Today the name of this blog changes from SLIGHTLY FRAMOUS to JANET ON THE PLANET.
Why? Because the former is perhaps a little too subtle, and has been leading to some misinterpretations.
The new name is a name Janet used to sign herself, not to everybody she corresponded with I guess, but she used it when she wrote to me, and the copy above is taken from a fax she sent once.
I had been saving the expression 'Janet on the Planet' in case I ever got around to writing a memoir about my life with (and without) Janet Frame.
Just the other day while visiting Wellington, I was spending some time with my chum Roger Steele of Steele Roberts publishing, and he was the latest in a long line of people to ask whether I was working on a memoir.
No, I said, but I have got a blog.
I realised then that this blog is probably as close as I'll get in the meantime, to making a first pass at a memoir, so why not give it a name I like better, and one that Janet herself invented.
1 comment:
I've had a query from Lili M, who wants to know: "What do you think Janet Frame meant with that expression? Do you have a good idea, or can you only guess? During what period of time did Janet Frame use this expression? Hope you don't mind the interrogation."
Janet Frame was a poet, Lili, and poets generally have a tendency to rhyme (as well as their facility for imaginative thought, for metaphor, etc). "Planet" is one of the few rhymes for "Janet". (Others are, 'gannet', 'pomegranate', and 'granite'. And of course there is the famous song "Dammit Janet", but that's not a true rhyme.)
Other than noting the word play, I can only guess, as can anyone else, 'why' people choose to represent themselves in varying ways. For instance your own online nickname, I suppose it 'means' something, or maybe it is just a name.

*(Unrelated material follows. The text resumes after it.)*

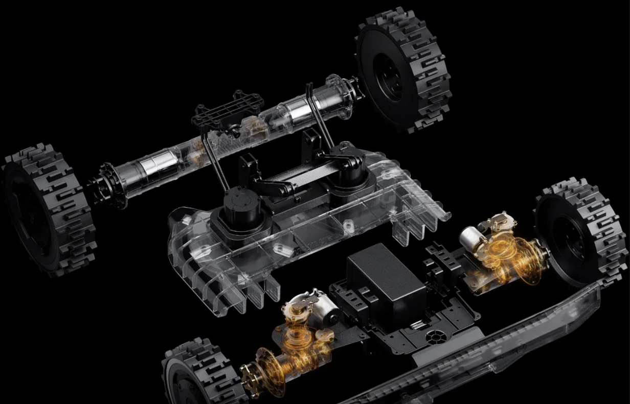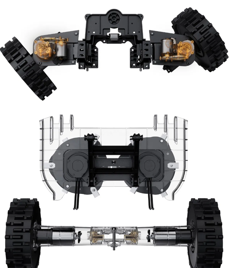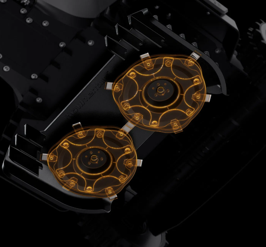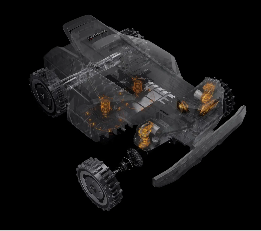 Model X-420E AWD je vybaven systémem dvojitého odpružení, který byl speciálně vyladěn pro pohyb v náročném terénu (ORV). Bez námahy tak zvládá jakýkoliv složitý povrch – od kamenných cest a vysokých obrubníků až po terénní výmoly. Tato robustní konstrukce zajišťuje stabilní stoupání a bezproblémové překračování překážek, čímž zaručuje plynulý průběh práce i tam, kde by standardní robotické sekačky uvízly.
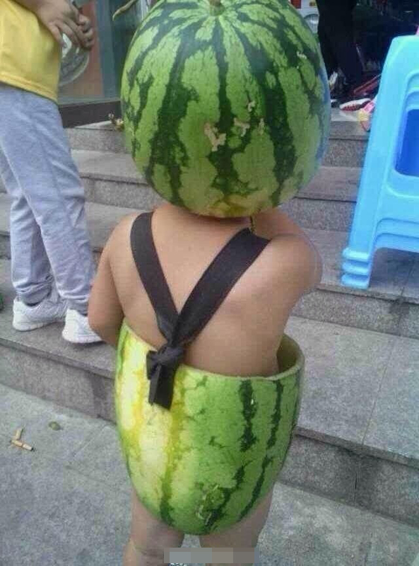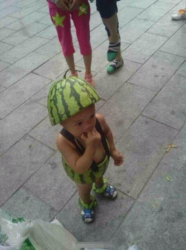 昨天,有網(wǎng)友發(fā)微博稱,在溫州城西街上看到了一個西瓜裝小孩,并曬出了三張照片,頓時萌翻了天,樂了不少網(wǎng)友,短時間內(nèi)就被轉(zhuǎn)發(fā)了一千多條,網(wǎng)友們對此褒貶不一。

Janet sent me this fax when I had got a new fax machine and we were testing the connection, so it was just an exchange of "hi" "testing" "hi again" sort of messages, this one being "hi again" and with the playful sign-off such as one does with close friends. By the phone numbers I can date it to the late 1990s. If I were to guess, I'd say that "on the planet" (alive) would be contrasted with the alternative (no longer on the planet, ie dead) which was a prominent theme of her life throughout the mid and late 1990s. Janet was very aware of having escaped a death sentence a few years earlier when she was diagnosed with ovarian cancer and "given" only a few months to live. When after successful surgery she survived, she was tremendously affected by the reprieve, and aware of having evaded the grim reaper. I do think "on the planet" might refer to that special gratitude she had to be still alive. Or maybe she was aware that she was creating an archive that would be still around when she was no longer on the planet to answer the questions herself.